Activity ▸ Nothing outside the lines below from the one containing "Bavaria (German States), 2" through the one containing "我们现在的目标就是在 deer 的基础上进行小幅度修改,使得它与" is to be printed; print those exactly, ends included, and drop the pictures.

Dataset extract ▸

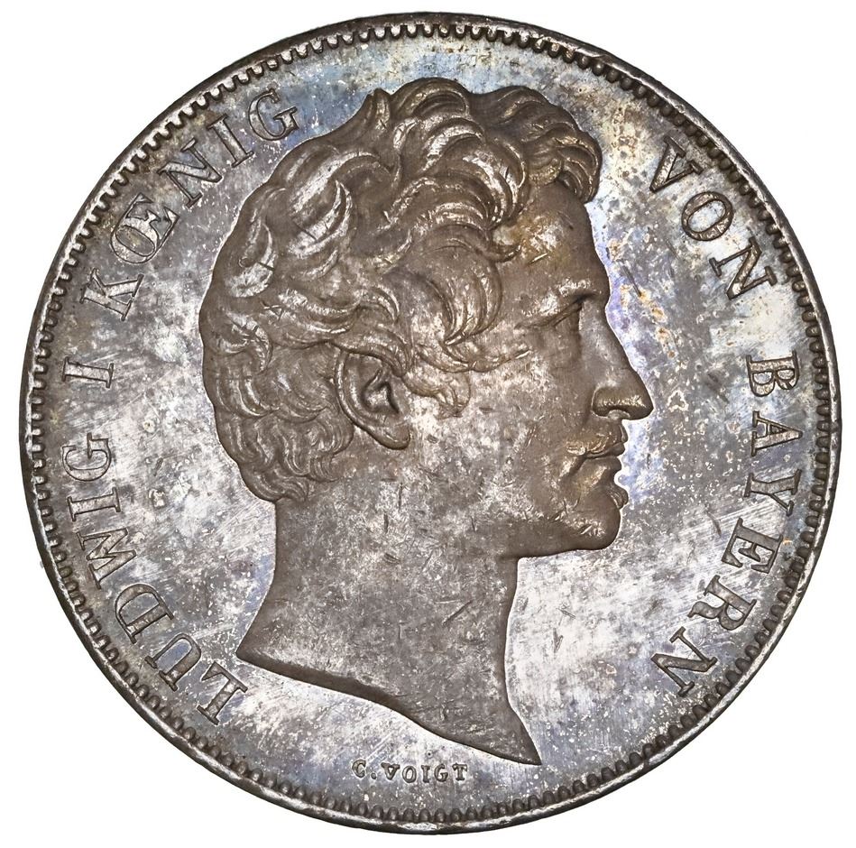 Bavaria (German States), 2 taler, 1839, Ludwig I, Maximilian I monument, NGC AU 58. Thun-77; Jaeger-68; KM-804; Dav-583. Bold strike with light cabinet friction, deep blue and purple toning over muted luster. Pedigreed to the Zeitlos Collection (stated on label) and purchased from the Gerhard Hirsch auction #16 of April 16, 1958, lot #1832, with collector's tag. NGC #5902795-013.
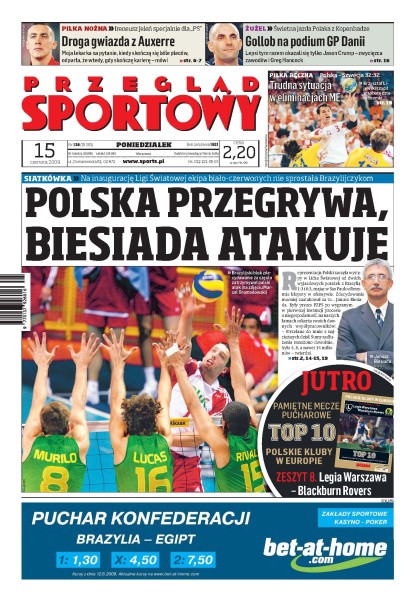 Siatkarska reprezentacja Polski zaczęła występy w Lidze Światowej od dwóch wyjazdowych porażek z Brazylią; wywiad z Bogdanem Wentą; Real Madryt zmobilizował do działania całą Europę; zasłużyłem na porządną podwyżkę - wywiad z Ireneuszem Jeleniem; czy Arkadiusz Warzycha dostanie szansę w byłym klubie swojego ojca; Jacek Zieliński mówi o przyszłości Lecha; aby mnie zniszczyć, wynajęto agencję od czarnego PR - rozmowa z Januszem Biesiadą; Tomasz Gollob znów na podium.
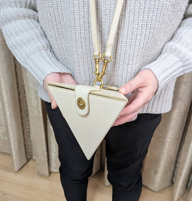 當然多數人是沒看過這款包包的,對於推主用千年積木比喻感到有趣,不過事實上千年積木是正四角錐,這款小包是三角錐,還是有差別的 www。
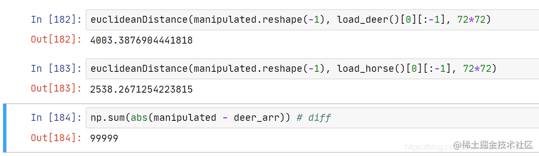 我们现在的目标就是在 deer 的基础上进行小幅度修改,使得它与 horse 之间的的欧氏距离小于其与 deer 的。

---

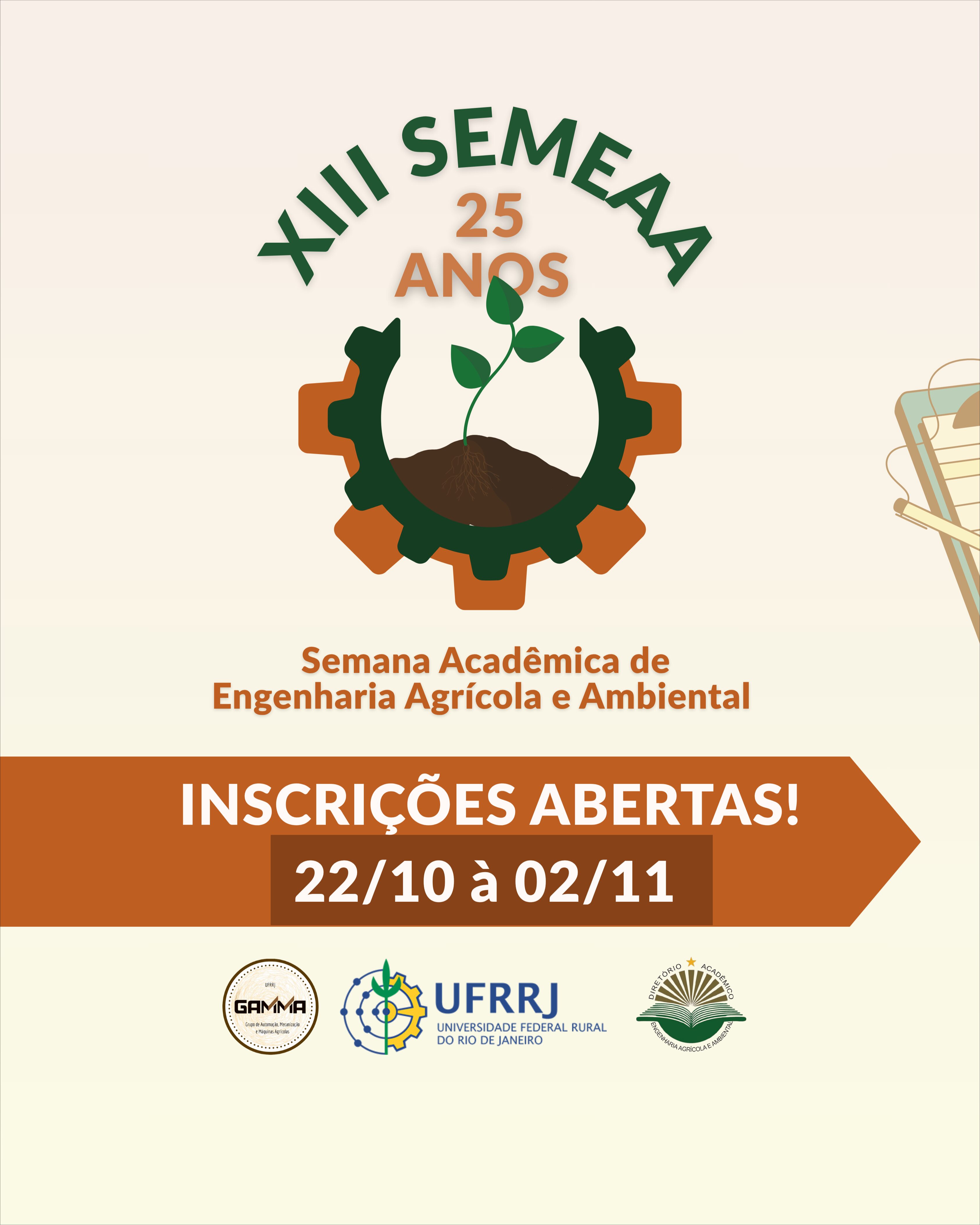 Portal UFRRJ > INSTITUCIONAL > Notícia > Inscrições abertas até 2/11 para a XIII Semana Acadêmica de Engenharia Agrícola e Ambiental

Result of this task ▸
 Bavaria (German States), 2 taler, 1839, Ludwig I, Maximilian I monument, NGC AU 58. Thun-77; Jaeger-68; KM-804; Dav-583. Bold strike with light cabinet friction, deep blue and purple toning over muted luster. Pedigreed to the Zeitlos Collection (stated on label) and purchased from the Gerhard Hirsch auction #16 of April 16, 1958, lot #1832, with collector's tag. NGC #5902795-013.
 Siatkarska reprezentacja Polski zaczęła występy w Lidze Światowej od dwóch wyjazdowych porażek z Brazylią; wywiad z Bogdanem Wentą; Real Madryt zmobilizował do działania całą Europę; zasłużyłem na porządną podwyżkę - wywiad z Ireneuszem Jeleniem; czy Arkadiusz Warzycha dostanie szansę w byłym klubie swojego ojca; Jacek Zieliński mówi o przyszłości Lecha; aby mnie zniszczyć, wynajęto agencję od czarnego PR - rozmowa z Januszem Biesiadą; Tomasz Gollob znów na podium.
 當然多數人是沒看過這款包包的,對於推主用千年積木比喻感到有趣,不過事實上千年積木是正四角錐,這款小包是三角錐,還是有差別的 www。
 我们现在的目标就是在 deer 的基础上进行小幅度修改,使得它与 horse 之间的的欧氏距离小于其与 deer 的。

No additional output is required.